Childs notes that human patterns often follow animal patterns, or at least mammalian patterns.  For example, when over population occurs, behavior changes.  Parental care and cooperation become replaced with aggression, violence, competition for resources, dominant behaviors.  These types of behaviors are particularly detrimental to females and the young without whom the society (or animal population) cannot replace itself.  Generally, in animal populations, when this occurs, reproduction slows for several generations and the imbalance corrects itself.  For humans, it is not so simple.  Hohokam bones indicate mass starvation and malnutrition.  Other civilizations, e.g. the Anasazi, seem to have disappeared without a trace.

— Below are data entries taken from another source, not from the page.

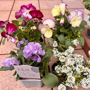おはようございます♪ 昨日postしようと思って忘れてました💧 近所の園芸店で可愛いパンジーがあったのでお迎えしました🌼 アリッサムも☺️ 『きもの』はフリフリ系のパンジー あとの2つは札がないから名前は忘れた😅 綺麗な色に惹かれました✨✨
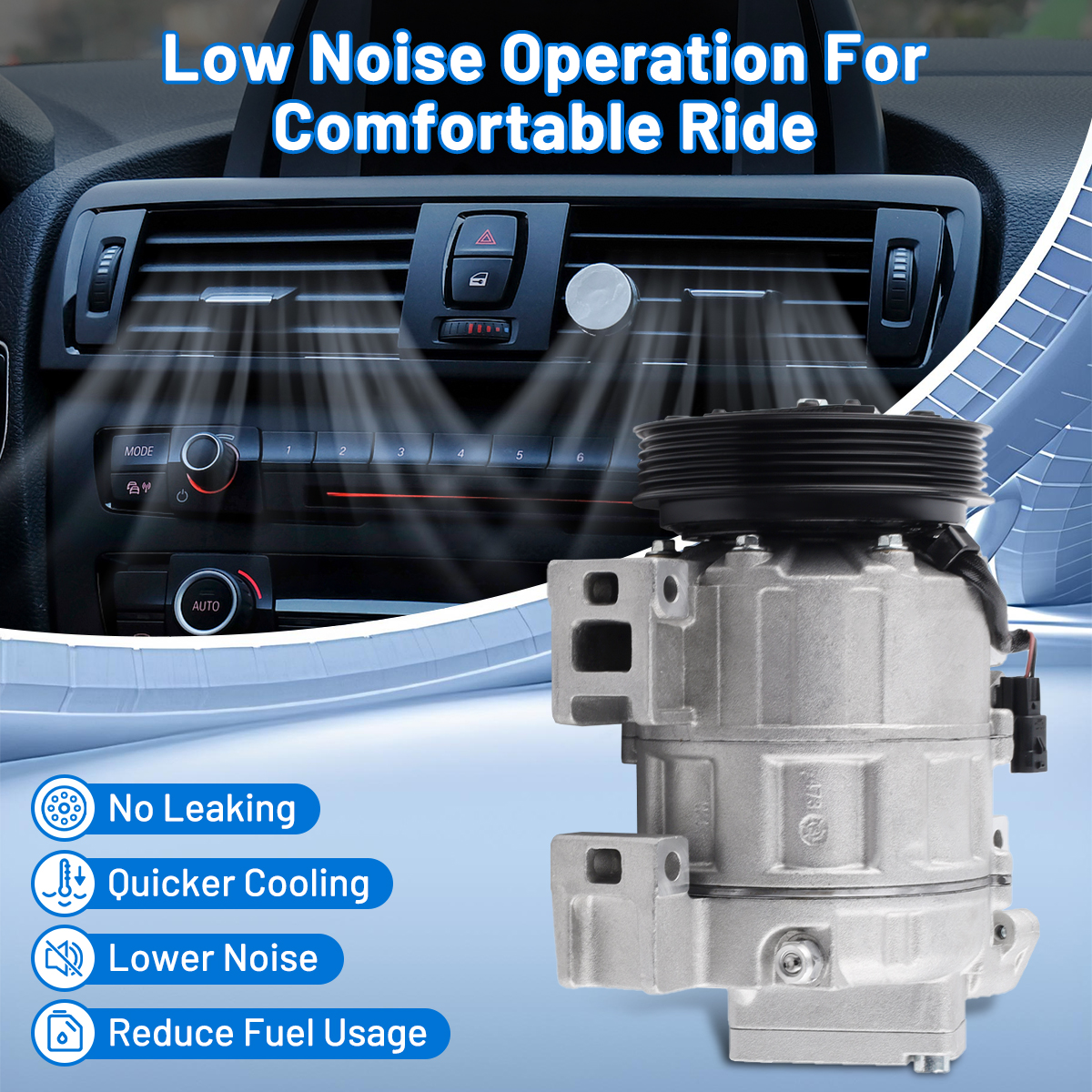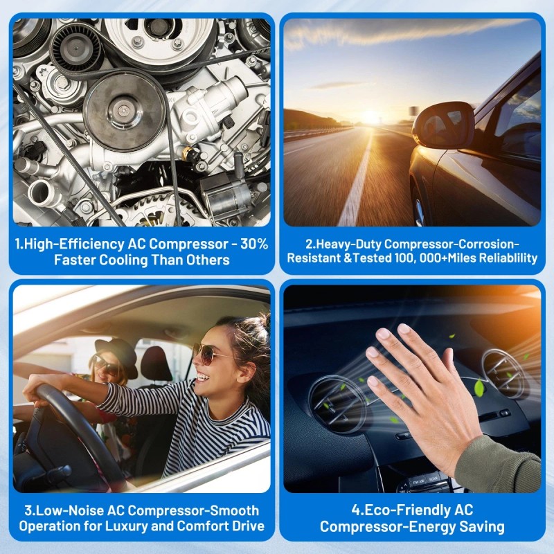 Our  AC compressor kit works efficiently under low noise and tiny vibration  to provide you a super cool trip. Driving at a stable speed will help  reduce fuel consumption.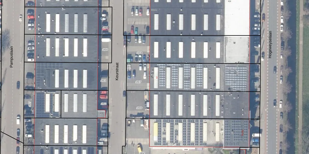 Het perceel waarop Keurstraat 12 staat heeft een oppervlakte van 1565 m². Dit is een zeer groot perceel. De perceeloppervlakte wordt geregistreerd door het Kadaster. Gedetailleerde informatie over de maten van dit perceel kunt u vinden in het rapport Kadastrale kaart met maatvoering van Keurstraat 12.

Today, most of the world’s largest cities have immense infrastructures that keep them going, miles of underground sewage tunnels, water mains, etc.  Here in the US in our oldest cities, much of what we take for granted is very old and deteriorating.  New York City and Chicago have water main systems that some experts claim are near collapse or at the very best badly in need of repair.  Doubtless such conditions exist in old cities throughout the world, most of which are much older and larger than the majority of cities in the US.  Yet, they continue to prosper.  Have we passed a point when civilization cannot fall?

Childs completes this discussion by describing his visit with his wife to Guatemala.  They visited all the best known Mayan sites, visited with natives.  His wife managed to get invited to a Mayan fire ceremony, a renewal ceremony.  History books tell us the Mayan civilization is dead, ended.  But it is not.  The Mayan culture still exists.   At least six million still live in the Central America.  What would have happened to Mayan cities if the Europeans had not brought epidemic diseases and better fire power?  We will never know, of course, but no matter how many civilizations rise and fall, change continues and humans continue to inhabit the earth.

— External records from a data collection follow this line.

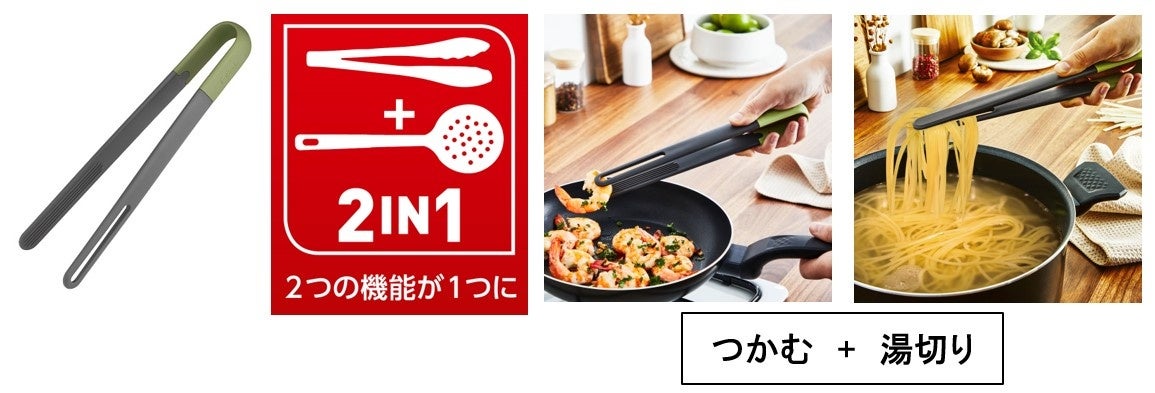 新発売の「エッセンシャル 2in1」は、2つの機能がひとつになった画期的なキッチンツールシリーズです。炒める、混ぜる、すくう、返す、つかむなど、調理方法や用途によって必要な機能が異なるキッチンツールは、数も種類も多くてかさばりがち。そこで、キッチンの限られた収納スペースには、ひとつで2役のキッチンツール「エッセンシャル2in1」がおすすめです。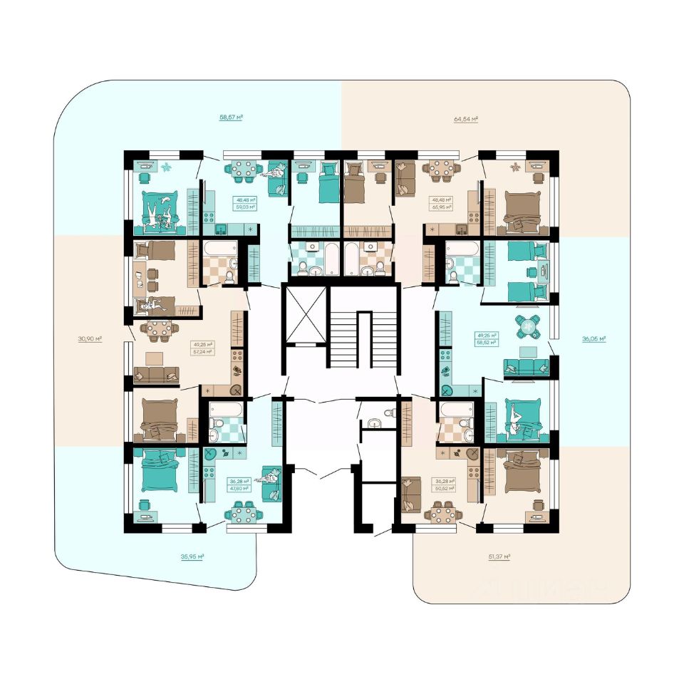 Квартиры формата Smart Comfort + (смарт комфорт +) площадью от 32 кв. м до 136 кв. м предоставляют свободу в реализации планировочных решений, а высота потолков 2,7 м с увеличенными панорамными окнами 2,45 м обеспечивают высокий уровень естественного освещения и открывают завораживающий обзор на лесной массив загородной местности.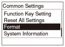Settings” - “Common Settings” - “Format” y, a continuación, pulse el botón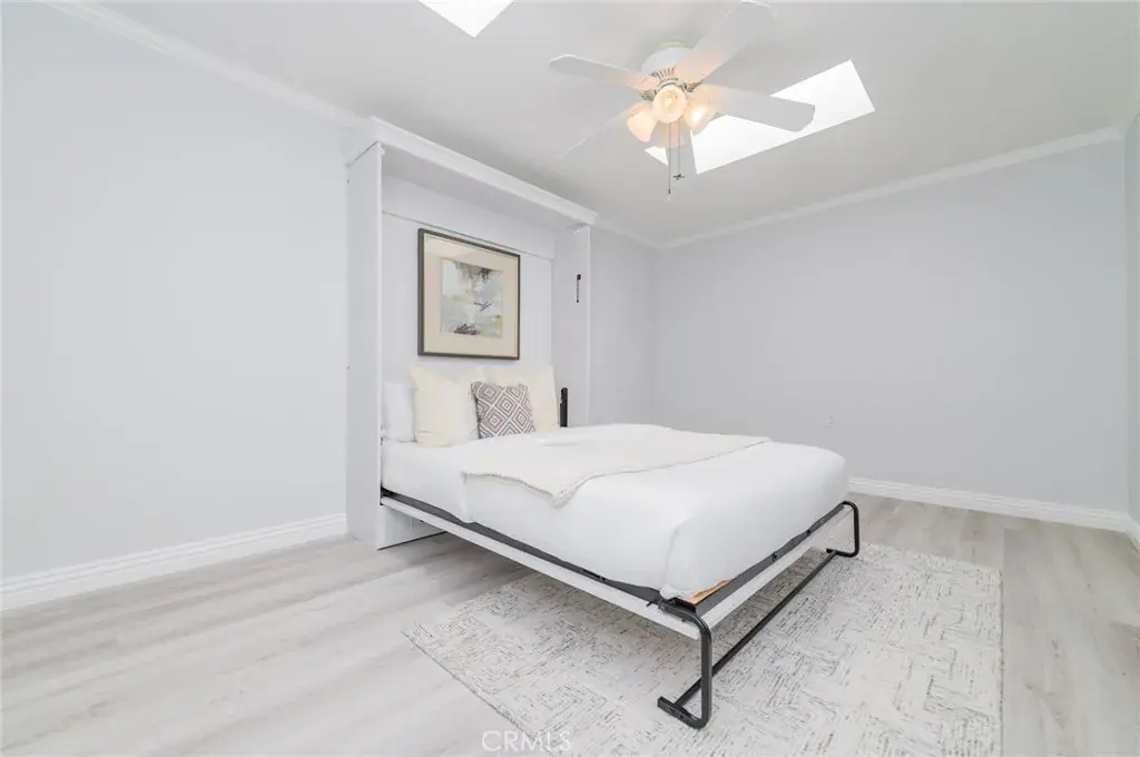Highly coveted Cordoba model reimagined into a sophisticated, light-filled retreat in the heart of Laguna Woods. This impeccably remodeled single-level residence offers 2 bedrooms, 2 baths, and a thoughtfully enclosed atrium transformed into a flexible designer space—ideal as a private office, den, or elegant guest suite complete with a pull-out Murphy bed.

The new question is this:  can this planet we live on sustain the ever increasing numbers of humans who inhabit it??

Apocalyptic Planet-Part Four: Seas Rise


As I write this title, it seems a bit counter intuitive that one of the first things I saw this morning was a newspaper discussing many small cities around the Texas Panhandle which are running out of water.  And on the TV news as I write this, the city of Amarillo announces measures being taken to curtail water use, followed by a detailed discussion, explaining how one of these smaller towns plans to address the lack of water.  Drought expands while ice melts and seas rise.

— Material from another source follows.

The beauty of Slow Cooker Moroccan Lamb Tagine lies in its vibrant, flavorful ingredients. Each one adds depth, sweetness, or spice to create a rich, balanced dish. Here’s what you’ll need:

Childs explains sea behavior by comparing it to pouring water back and forth among a bunch of pans.  Ocean behavior varies from place to place.  Louisiana has been losing seacoast at the rate of twelve meters per year and large parts of the Nigerian coastline has lost as much as thirty meters per year, one of the fastest losses on earth–erosion.  The moon causes tides twice a day changing sea levels on the average of two meters each time.  Historically most sea level changes are long term changes.  A major cause of sea level change is temperature.  Half the current sea level rise can be attributed to thermal expansion.  Water warms and spreads out.  Not only does heat expand near the sea surface, but now also expands into depths not previously affected.  Findings by two oceanographers, Purkey and Johnson, indicate an increase in ocean heat 16 per cent greater than previously thought.  Oceans are the largest reservoirs of heat on earth.  Once heated, their size makes them slow to cool.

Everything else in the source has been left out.